Saturday night, I attended a BYOB, “Asheville Candle Making Experience,” at the Hummingbird Candle Company on lower Lexington. The high? Really, the entire candle-making experience. I went into this at the behest of a friend and wasn’t sure what to expect, I just knew it wasn’t necessarily something I’d choose myself (often the best experience).

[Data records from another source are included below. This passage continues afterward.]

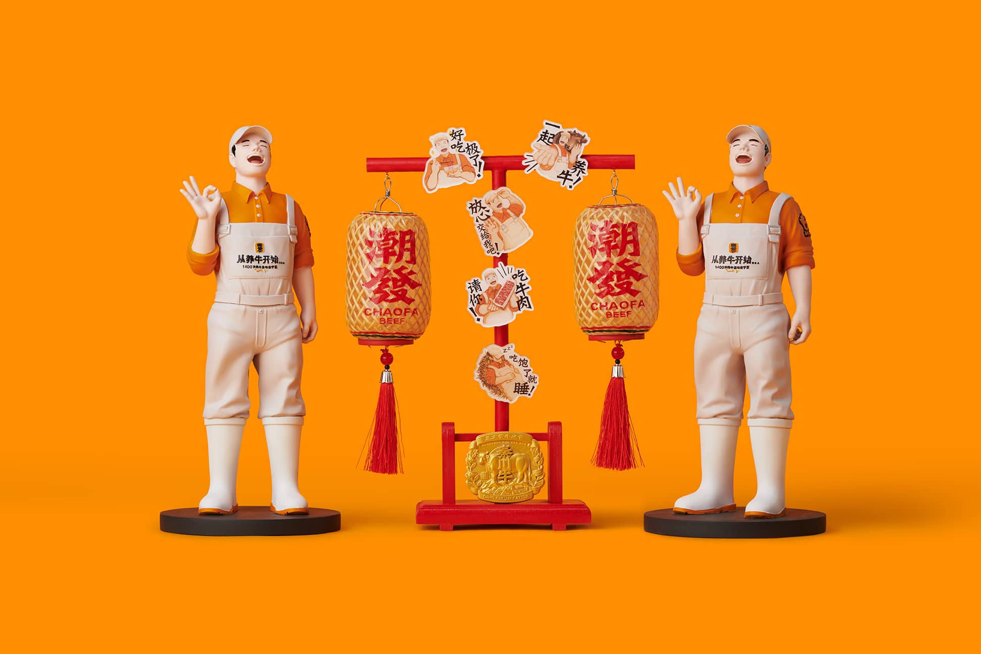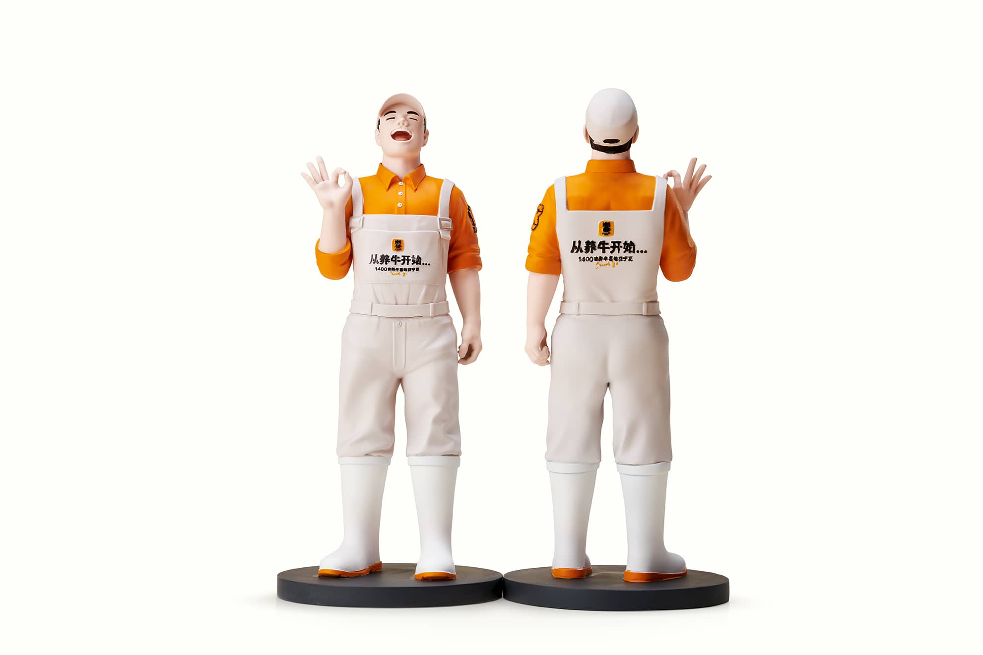 为了继续强化门店空间的新鲜感,我们创作了潮发的IP形象——养牛人OK哥,通过养牛人身份来强化潮发“养牛”的事实。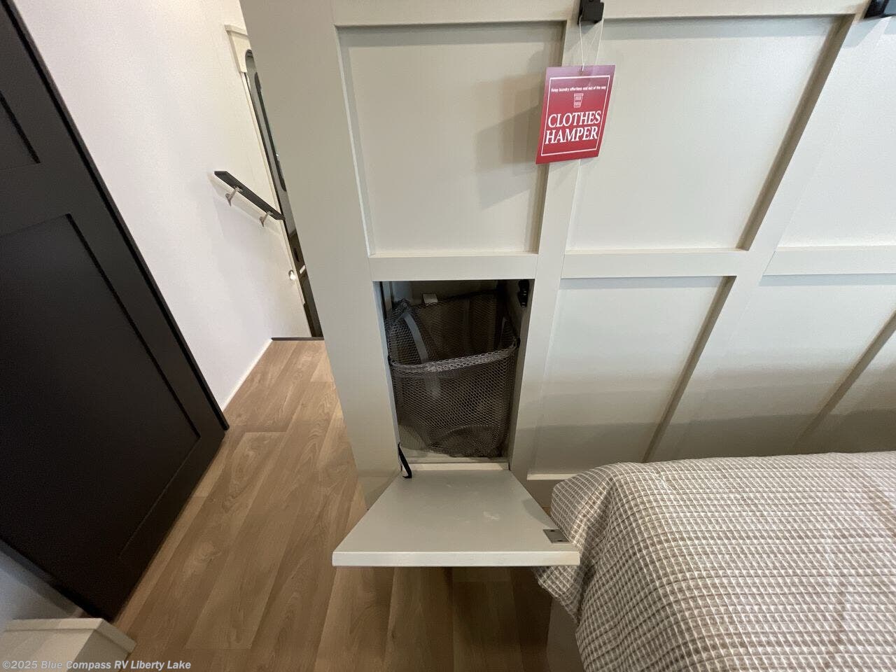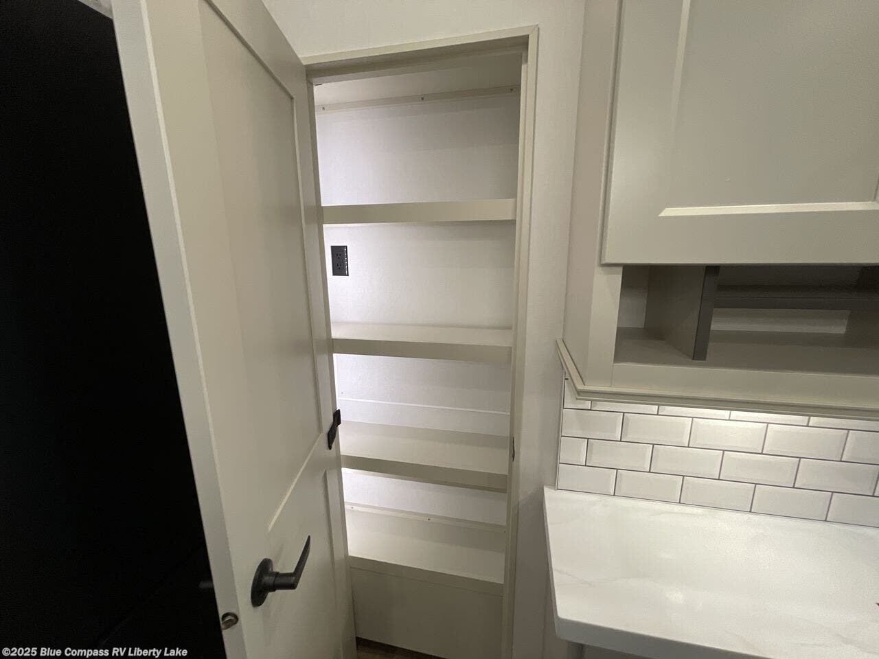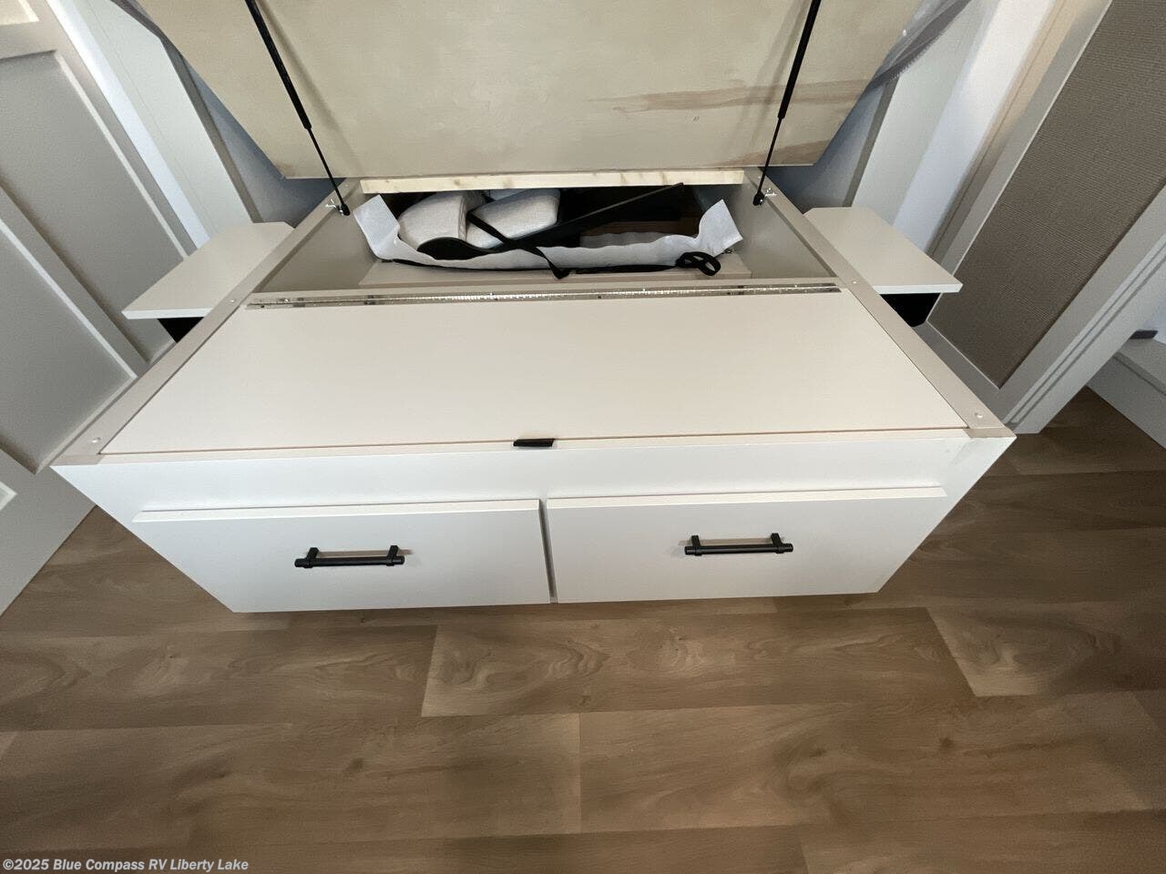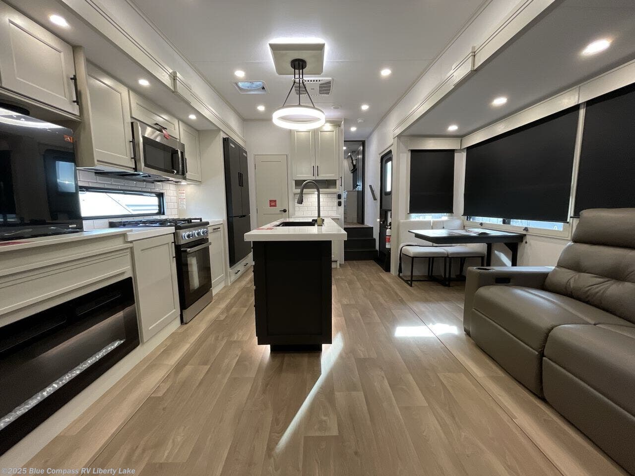 Traveling for long periods at a time is made easy with this gourmet kitchen that can feed your entire group a holiday meal! The professional-grade stainless steel cooktop with a built-in oven, microwave, 12V 20 cu. ft. refrigerator, and a kitchen island offers everything you will need to enjoy cooking for your family and guests. There is abundant storage throughout multiple overhead cabinets, a kitchen pantry and hutch, a bath linen cabinet for your towels, and in the front master bedroom which features a large closet. In the bedroom there is also a queen bed slide for added space to sleep comfortable at night, or you may choose an optional king bed if you enjoy more space. You will also find a closet with washer/dryer prep, large wardrobe, a clothes hamper plus a slide top dresser. Two nice awnings will provide outdoor living space keeping you protected from the sun and rain, and you can add an optional pull-out kitchen to enjoy convenient cooking outdoors as well.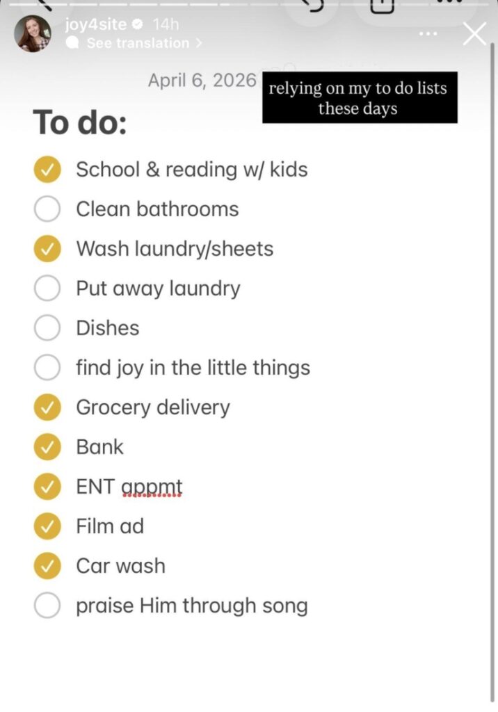 In the to-do list that was shared on Reddit, Joy-Anna listed homeschooling with her kids, washing sheets and doing laundry, getting her groceries delivered, going to the bank, making an ENT appointment, filming an ad, and getting a car wash as all checked off tasks. Do we even need to go into “filming an ad”? It does pass for a Duggar job these days, with the amount of grifting the adult kids tend to do.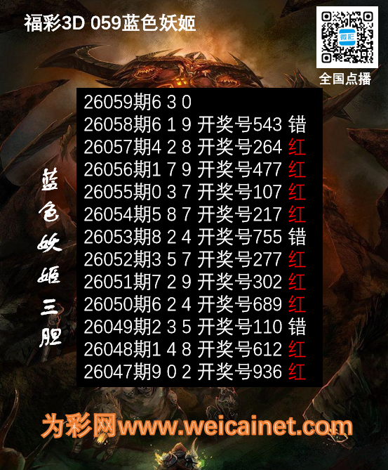 • 福彩3D26059期胆码 蓝色妖姬胆码图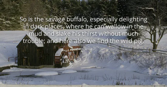 Speke, John H. "So is the savage buffalo, especially delighting in dark places, where he can wallow in the mud and slake his thirst without much trouble; and here also we find the wild pig." FixQuotes. January 16, 2026. https://fixquotes.com/quotes/so-is-the-savage-buffalo-especially-delighting-in-115652/.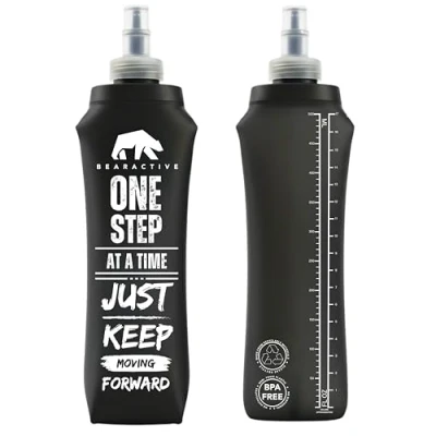 Bearactive Lightweight Running Water Bottle Soft Flask 500ml TPU BPA Free Plastic, Leak Proof Foldable Bottle, Collapsible for Vests & Belts (Style 1 1pc 500ml, Black)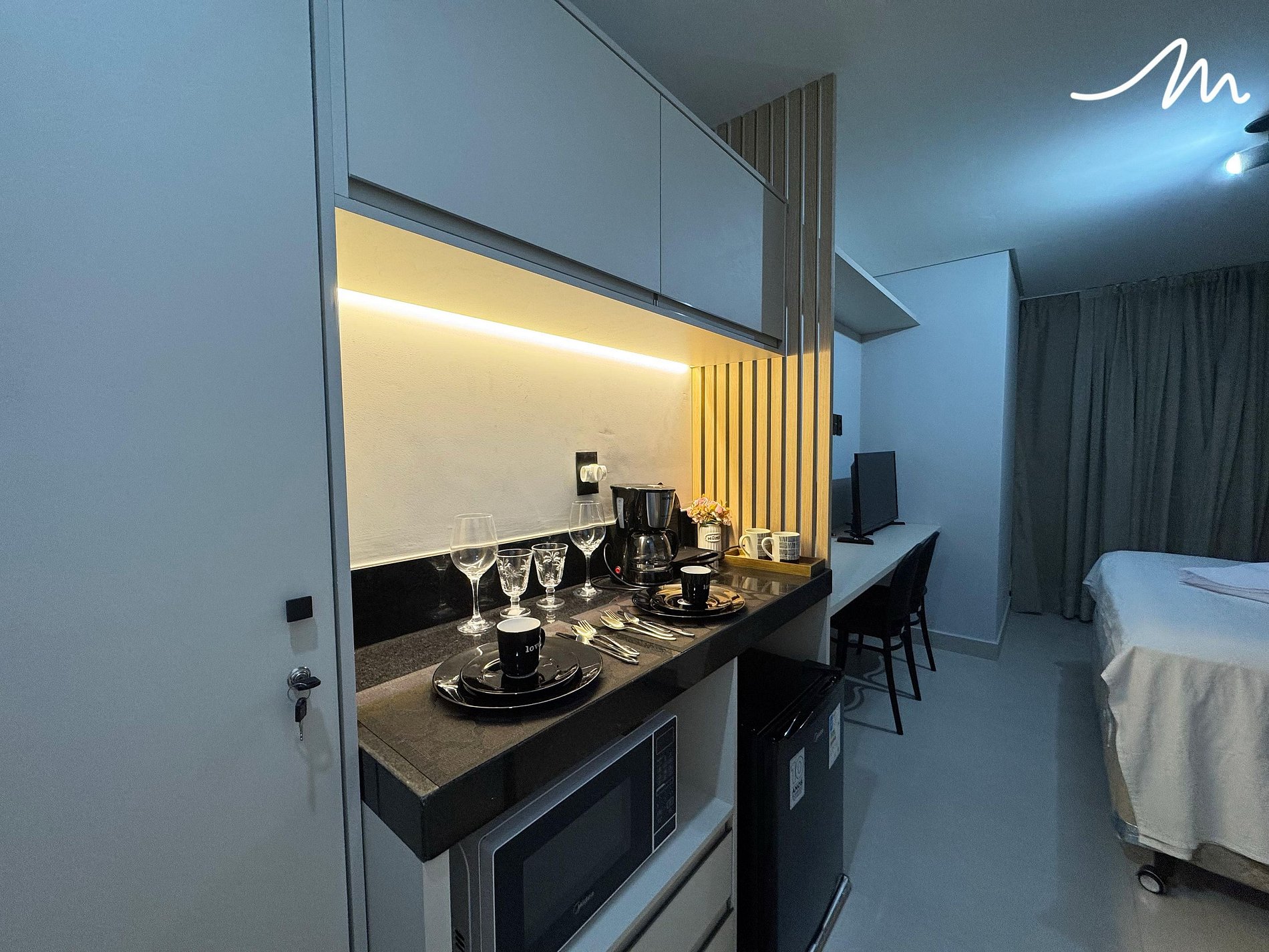 Ambiente climatizado com ar-condicionado, TV para seus momentos de lazer e uma cozinha compacta equipada com armário, micro-ondas, cafeteira de cápsula (as cápsulas não estão incluídas), liquidificador, sanduicheira, fogão elétrico de duas bocas, frigobar, louças, copos e talheres. Também disponibilizamos um varal para sua comodidade.
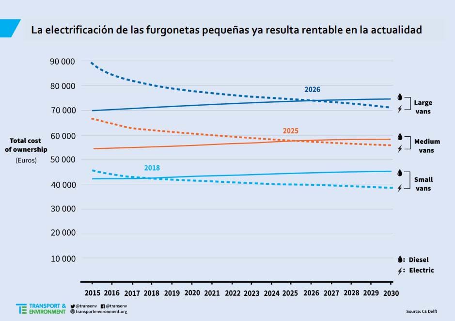 Un estudio de CE Delft demuestra que las furgonetas eléctricas tienen el mismo coste total que las diésel pequeñas, que constituyen el 40% del total de las ventas en la Unión Europea. La legislación y los incentivos deben corregir la escasez de modelos en oferta.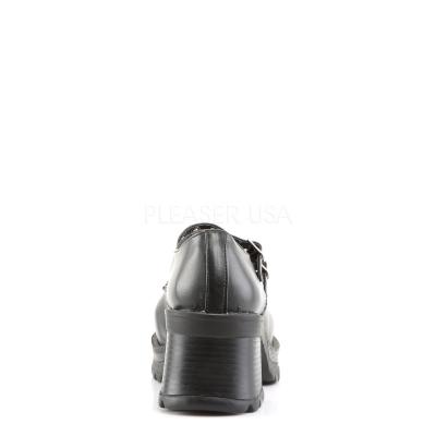 2 3/4 インチ (7 cm) ヒール ゴス 2 バックル ストラップ分厚いかかと靴、ないジッパー(Goth 2 Buckle Strap Chunky Heel Shoe)

The class cost $40.00 and included instruction, the material to make one 9-ounce scented candle that will burn for 80 hours, and the opportunity to sample all 23 of Humming Bird Candle Company’s signature scents, which I found delightful—I’ve become a big candle guy over the past year, though my leading purveyor is the TJ Maxx clearance bin. My favorite aspect was that it was a blind smell sample. When you did the smelling, the scents were simply numbered, and you were provided with paper to take notes. Our instructor Taylor (who was great, by the way—experiences like this hinge on the instructor, in my ever-so-humble opinion), explained how we tend to pick scents via the name or description, not necessarily what our noses are naturally drawn to, although the scent I picked was grapefruit forward, which tracks for my tastes.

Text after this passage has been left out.